The RCMP plans to use provisions of the Anti-terrorism Act to compel Air-India suspects to testify before a judge. Prominent Liberals, including two former deputy prime ministers, agree that this is widely important but the leader of the Liberal Party is saying that he will not allow the provisions to stand.

Failing to approve an extension of the Anti-terrorism Act will kill an essential investigative tool in the Air-India inquiry.

Partisan politics should not trump public safety or justice. Let us permit the Air-India inquiry to get on with its job and ensure nothing like this ever happens again.

The Prime MinisterOral Questions

2:15 p.m.

Liberal

Navdeep Bains Liberal Mississauga—Brampton South, ON

Mr.
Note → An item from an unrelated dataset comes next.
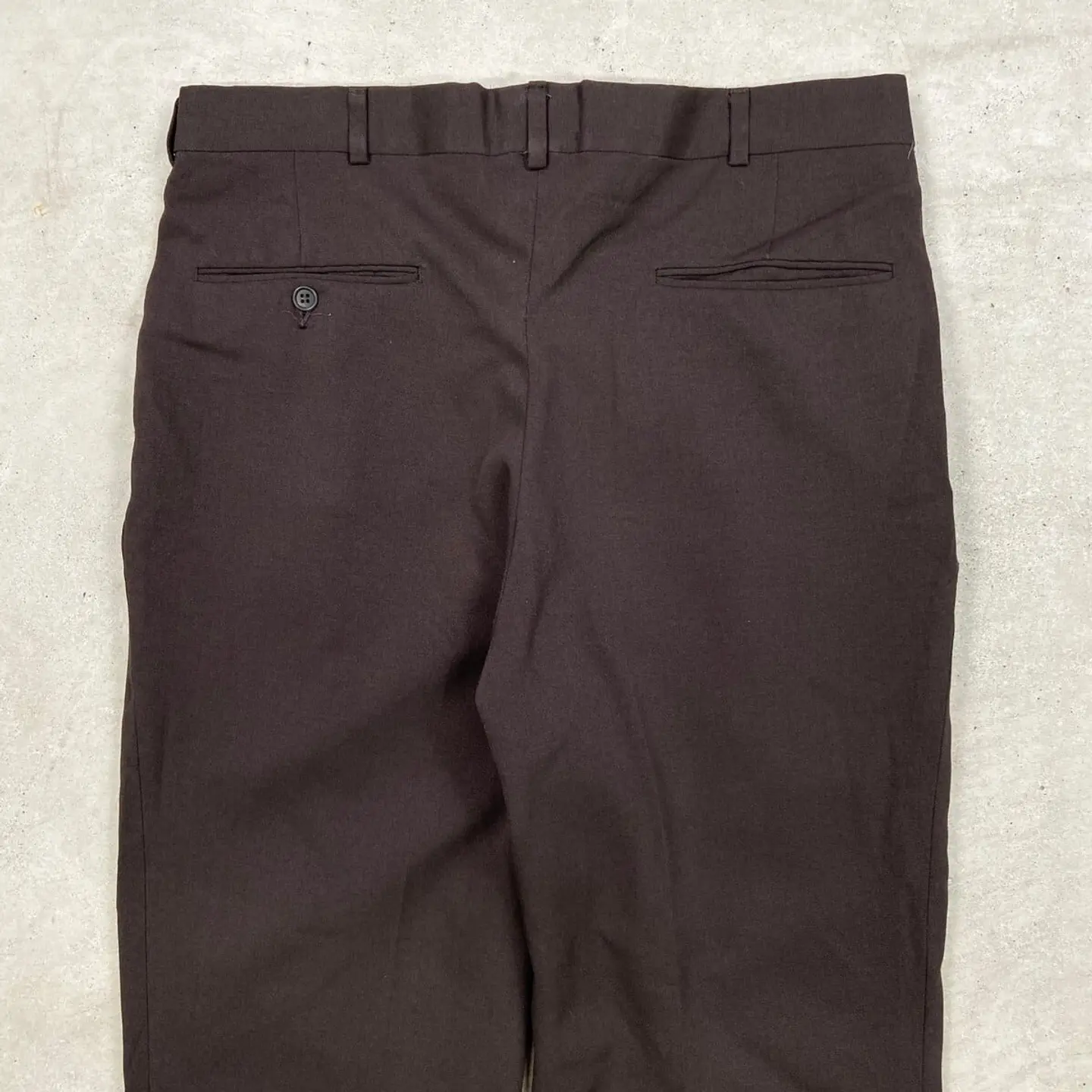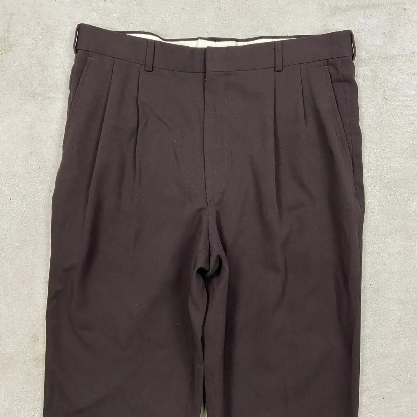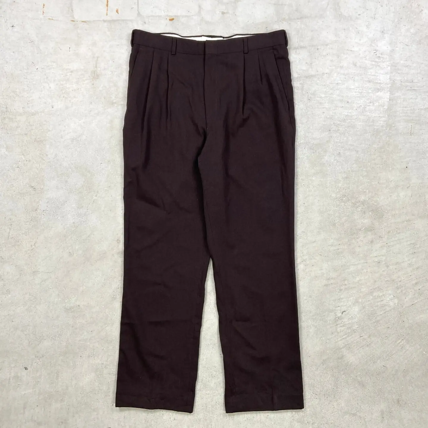 ■80~90年代 USA製 2タック ワイドスラックスパンツ メンズW35相当 古着 80s 90s ヴィンテージ VINTAGE ロケットTALONジッパー 茶色 ダークブラウン【スラックス,スタプレ】/ブラウン 【ブランド】不明 【サイズ】不明(実寸約W35 L30) ※計測値をご確認ください。 ウエスト(平置き×2)…88 ワタリ幅…33.5 股上…31 股下...77 裾幅…22.5 【生産国】USA製 【素材】不明(おそらくポリエステル混紡かと思われます) 【状態】多少の使用感はございますが、 目立った汚れやダメージ等は無くまだまだ長く愛用していただけます。 画像にてご確認ください。 【c260312105】 ※古着は洗濯、検品などのケアを行っております。(新品・デッドストックは洗濯していません。) ※モニターの発色により実物と異なる場合がございます。予めご了承ください。 ※ 海外直輸入USED品になります。

Speaker, yesterday in the House of Commons, the Prime Minister attacked my integrity and the integrity of my family.

Now that he has had some time to think, will the Prime Minister simply retract his remarks?

The Prime MinisterOral Questions

2:15 p.m.

Calgary Southwest Alberta

Conservative

Stephen Harper ConservativePrime Minister

Mr. Speaker, I first must say that I met earlier today with representatives of the families of the 300 Canadians who were killed on the Air-India flight. As we all know, this is an important matter.

Although I do not accept the premise of the hon. member's question, I will say that this government will undertake any action necessary to ensure that we put in place the measures to allow the police to do their investigation and to ensure that these things never occur again.